I'm in Japan for RubyKaigi and I wrote a Ruby script to make it easy to quickly translate Japanese text with an unreliable Internet connection. This Ruby script loads Rikaikun's dictionary file, dict.dat, to provide a REPL-like translation experience: paste text, hit enter, see word definitions, repeat.

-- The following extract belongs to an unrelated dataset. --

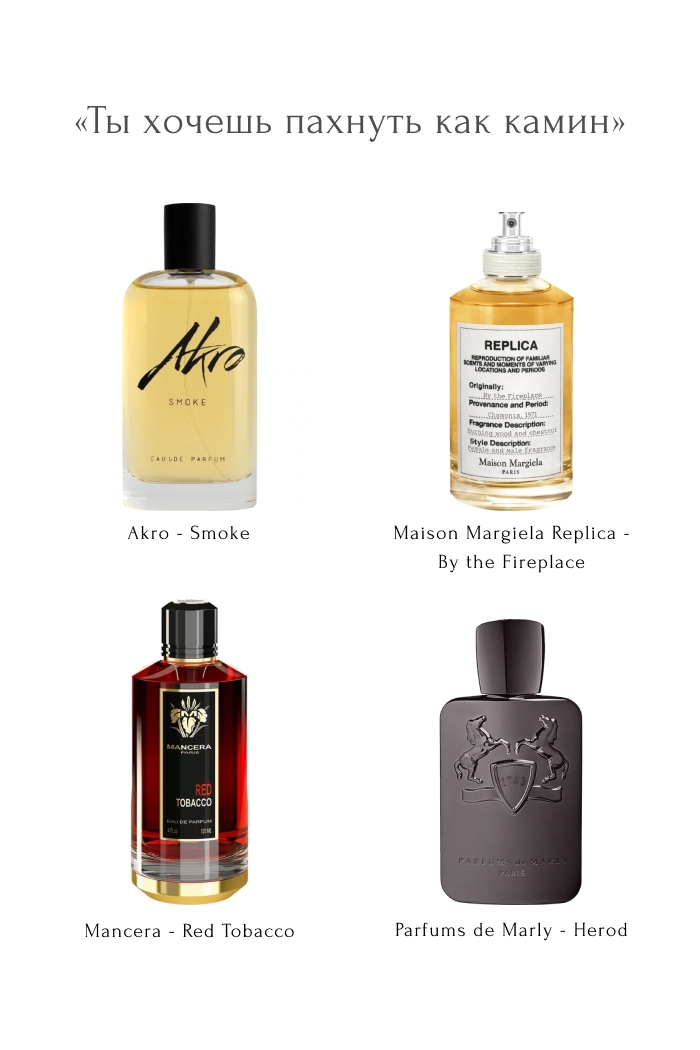 Тепло огня, дымный табак и пряные акценты — этот сет создаёт атмосферу уюта, силы и страсти. Каждый аромат — как отдельный миг вечера у камина, который хочется носить с собой.

If you paste entire phrases or sentences, the script will find the longest matches, but its algorithm sucks for translating this way, especially when the sentence includes conjugated verbs.

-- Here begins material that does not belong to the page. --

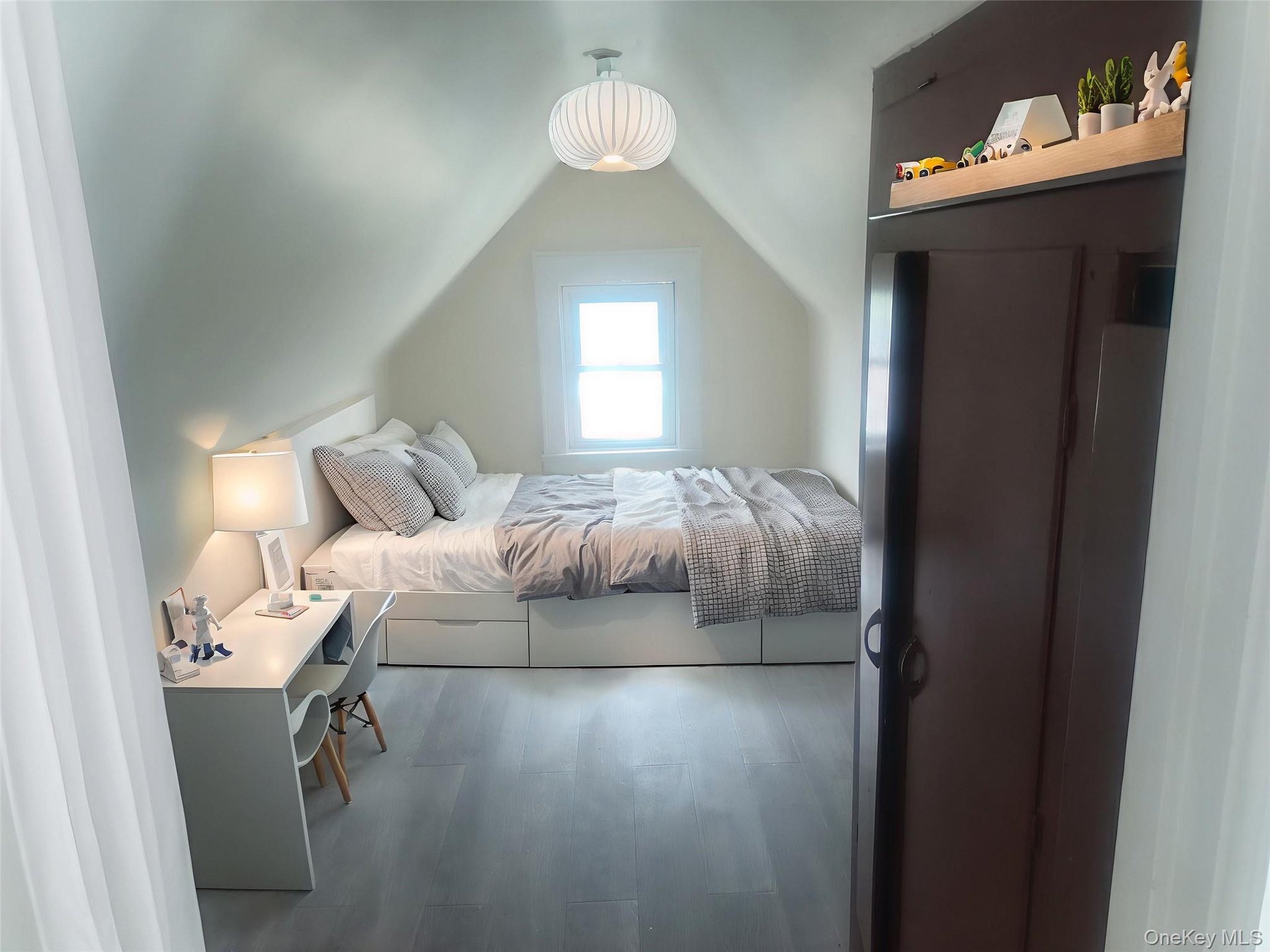 - Bedroom with finished floors and Vaulted Gable-Style ceiling facing south.

Ruby 1.8 doesn't know what to do with the Japanese characters on the console, so I recommend using Ruby 1.9.
entries = File.readlines("dict.dat")
$kanji_dict = Hash.new { |hash, key| hash[key] = [] }
$hiragana_dict = Hash.new { |hash, key| hash[key] = [] }
entries.each do |entry|
if /([^\[]+)( \[(.+)\])? \/(.+)\// =~ entry
$kanji_dict[$1] << [$3, $4]
$hiragana_dict[$3] << [$1, $4] if $3
end
end
def lookup(word)
if $kanji_dict[word].length > 0
$kanji_dict[word].map { |e| [word] + e }
elsif $hiragana_dict[word].length > 0
$hiragana_dict[word].map { |(kanji, definition)| [kanji, word, definition] }
end
end
def prefix_lookup(query, start=0)
(start..query.length-start-1).to_a.reverse.each do |lookup_length|
sub_query_range = (start..start+lookup_length)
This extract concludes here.